De modo geral, os momentos que as crianças têm para brincar estão quase que majoritariamente organizados em tempos de pátio ou mesmo nas salas de aula. Nesses momentos, não há, normalmente, nenhuma orientação das professoras. O tempo é “livre” para brincar. As professoras organizam-se para acompanhar as crianças e zelar para que, durante a brincadeira, elas não se machuquem.

Independentemente do lugar em que o “tempo livre” é oferecido, as crianças não ficam paradas e, quando paradas, não há garantia de que o pensamento não esteja em processos de criação e de invenção. Não é raro nos achegarmos a alguma criança mais distanciada, em aparente solidão, e nos surpreendermos com suas produções, como no caso em que um menino observava uma família de formigas, investigava as ranhuras no chão, o detalhe das folhas e admirava como elas, as formigas, selecionavam uma coleção de sementes. Outro exemplo: uma criança olhava para o céu acompanhando o deslocar de um avião, mas, ao nos aproximarmos, ficamos surpresas:

- Olha, tia, um avião!

- É mesmo!

- Ele está bem alto, né?

- Sim, muito alto!

- O que é aquilo branco que ele está soltando?
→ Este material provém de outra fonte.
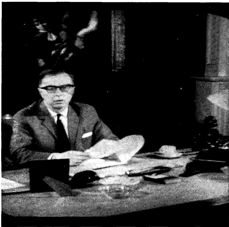
Z.E. prof. dr. J. Zijlstra tijdens de eerste A.R. televisie-uitzending.

Een partij die niet huichelt als zij beweert een boodschap voor heel het volk te hebben, grijpt de kansen, die haar geboden worden om die boodschap bij zoveel mogelijk mensen ineens te brengen. In wezen hebben de A.R., het bovenstaande overwegende, geen seconde gearzeld dat hulpmiddel te aanvaarden.

- Não sei, o que você acha que é?

- Não sei. Será que está marcando o caminho de volta?

E, assim, um simples momento “livre” transforma-se em potência para a criação das fabuloinvenções das crianças, uma vez que elas apontam direções que não podemos predeterminar, muito menos descrever previamente. São da ordem do acaso, do acontecimento. Em alguns momentos, éramos convidadas a fabular. No envolvimento que as crianças criavam, transformávamo-nos em bruxas, princesas, monstros, super-heróis e animais.

- Eu sou uma bruxa muito má, moro neste castelo - apontava para o brinquedo de plástico que permite às crianças subir.

- Cuidado, ela é uma bruxa! Corram! - e saem as crianças correndo da temível bruxa.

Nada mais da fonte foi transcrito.